┌──
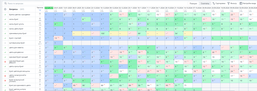 Продвигать сайты в нише флористики всегда основы — конкуренция высокая, ассортимент у клиента был ограниченным. Плюс каталог работал скорее как портфолио: букеты можно заказать, но итоговую композицию можно получить из фото из-за сезонности и национальных цветов. Все это вводило клиентов в заблуждение, снижало конверсию и вызывало жалобы.
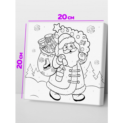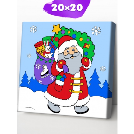 Р4242 Картина по номерам Дед Мороз с подарками 20х20
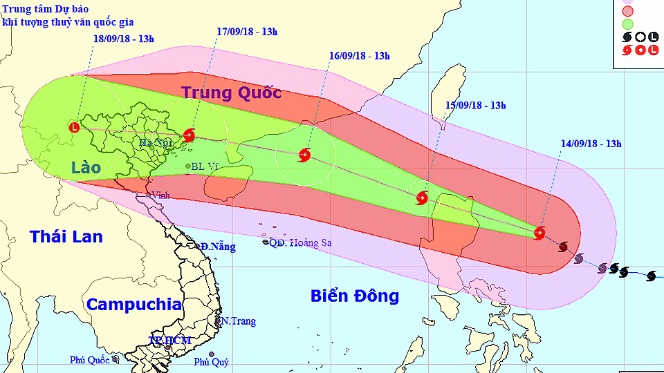 Hồi 13 giờ ngày 14-9, vị trí tâm siêu bão Mangkhut ở vào khoảng 16,7 độ Vĩ bắc; 125,7 độ Kinh đông, cách đảo Lu-dông (Phi-líp-pin) khoảng 360km về phía Đông. Sức gió mạnh nhất vùng gần tâm siêu bão mạnh cấp 17 (200-220km/giờ), giật trên cấp 17. Dự báo trong 24 giờ tới, siêu bão di chuyển theo hướng Tây Tây Bắc, mỗi giờ đi được khoảng 25km. Như vậy, khoảng trưa và chiều 15-9 bão sẽ đi vào khu vực Đông Bắc của Biển Đông. Sức gió mạnh nhất vùng gần tâm siêu bão mạnh cấp 15, giật trên cấp 17. Phạm vi gió mạnh cấp 6, giật cấp 8 trở lên khoảng 400km tính từ vùng tâm bão; phạm vi gió mạnh cấp 10 trở lên khoảng 200km tính từ vùng tâm bão. Do ảnh hưởng của bão, từ đêm 14-9 ở vùng biển Đông Bắc Biển Đông có mưa bão và gió mạnh dần lên cấp 11-12, từ sáng 15-9 tăng lên cấp 14-15, giật trên cấp 17; biển động dữ dội. Vùng nguy hiểm trên Biển Đông trong 24 giờ tới (vùng gió mạnh cấp 6 trở lên): phía Bắc vĩ tuyến 15,0 độ Vĩ Bắc; phía Đông kinh tuyến 115,0 độ Kinh Đông. Trong 24 đến 48 giờ tiếp theo, siêu bão di chuyển theo hướng Tây Tây Bắc, mỗi giờ đi được khoảng 25km. Đến 13 giờ ngày 16-9, vị trí tâm bão ở khoảng 20,7 độ Vĩ bắc; 113,7 độ Kinh đông, trên khu vực Bắc Biển Đông và cách bán đảo Lôi Châu (Trung Quốc) khoảng 340km về phía Đông. Sức gió mạnh nhất vùng gần tâm bão mạnh cấp 13-14, giật cấp 17. Cấp độ rủi ro thiên tai: cấp 3-4. Trong 48 đến 72 giờ tiếp theo, bão di chuyển theo hướng Tây Tây Bắc, mỗi giờ đi được khoảng 25km. Đến 13 giờ ngày 17-9, vị trí tâm bão ở khoảng 21,7 độ Vĩ bắc; 107,8 độ Kinh đông, ngay trên khu vực biên giới Việt - Trung. Sức gió mạnh nhất vùng gần tâm bão mạnh cấp 10-11, giật cấp 14. Cấp độ rủi ro thiên tai: cấp 3-4. Khả năng cao bão sẽ ảnh hưởng trực tiếp đến Vịnh Bắc Bộ trong khoảng ngày 16, 17-9 và ảnh hưởng trực tiếp đến đất liền nước ta trong khoảng ngày 17, 18-9. Hoàn lưu bão gây mưa rất to cho Bắc Bộ và Bắc Trung Bộ từ 17 đến 19-9.
└──
To answer, repeat exactly the lines from the line containing "Р4242 Картина по" through the last line of the data above, leaving out all pictures.

 Р4242 Картина по номерам Дед Мороз с подарками 20х20
 Hồi 13 giờ ngày 14-9, vị trí tâm siêu bão Mangkhut ở vào khoảng 16,7 độ Vĩ bắc; 125,7 độ Kinh đông, cách đảo Lu-dông (Phi-líp-pin) khoảng 360km về phía Đông. Sức gió mạnh nhất vùng gần tâm siêu bão mạnh cấp 17 (200-220km/giờ), giật trên cấp 17. Dự báo trong 24 giờ tới, siêu bão di chuyển theo hướng Tây Tây Bắc, mỗi giờ đi được khoảng 25km. Như vậy, khoảng trưa và chiều 15-9 bão sẽ đi vào khu vực Đông Bắc của Biển Đông. Sức gió mạnh nhất vùng gần tâm siêu bão mạnh cấp 15, giật trên cấp 17. Phạm vi gió mạnh cấp 6, giật cấp 8 trở lên khoảng 400km tính từ vùng tâm bão; phạm vi gió mạnh cấp 10 trở lên khoảng 200km tính từ vùng tâm bão. Do ảnh hưởng của bão, từ đêm 14-9 ở vùng biển Đông Bắc Biển Đông có mưa bão và gió mạnh dần lên cấp 11-12, từ sáng 15-9 tăng lên cấp 14-15, giật trên cấp 17; biển động dữ dội. Vùng nguy hiểm trên Biển Đông trong 24 giờ tới (vùng gió mạnh cấp 6 trở lên): phía Bắc vĩ tuyến 15,0 độ Vĩ Bắc; phía Đông kinh tuyến 115,0 độ Kinh Đông. Trong 24 đến 48 giờ tiếp theo, siêu bão di chuyển theo hướng Tây Tây Bắc, mỗi giờ đi được khoảng 25km. Đến 13 giờ ngày 16-9, vị trí tâm bão ở khoảng 20,7 độ Vĩ bắc; 113,7 độ Kinh đông, trên khu vực Bắc Biển Đông và cách bán đảo Lôi Châu (Trung Quốc) khoảng 340km về phía Đông. Sức gió mạnh nhất vùng gần tâm bão mạnh cấp 13-14, giật cấp 17. Cấp độ rủi ro thiên tai: cấp 3-4. Trong 48 đến 72 giờ tiếp theo, bão di chuyển theo hướng Tây Tây Bắc, mỗi giờ đi được khoảng 25km. Đến 13 giờ ngày 17-9, vị trí tâm bão ở khoảng 21,7 độ Vĩ bắc; 107,8 độ Kinh đông, ngay trên khu vực biên giới Việt - Trung. Sức gió mạnh nhất vùng gần tâm bão mạnh cấp 10-11, giật cấp 14. Cấp độ rủi ro thiên tai: cấp 3-4. Khả năng cao bão sẽ ảnh hưởng trực tiếp đến Vịnh Bắc Bộ trong khoảng ngày 16, 17-9 và ảnh hưởng trực tiếp đến đất liền nước ta trong khoảng ngày 17, 18-9. Hoàn lưu bão gây mưa rất to cho Bắc Bộ và Bắc Trung Bộ từ 17 đến 19-9.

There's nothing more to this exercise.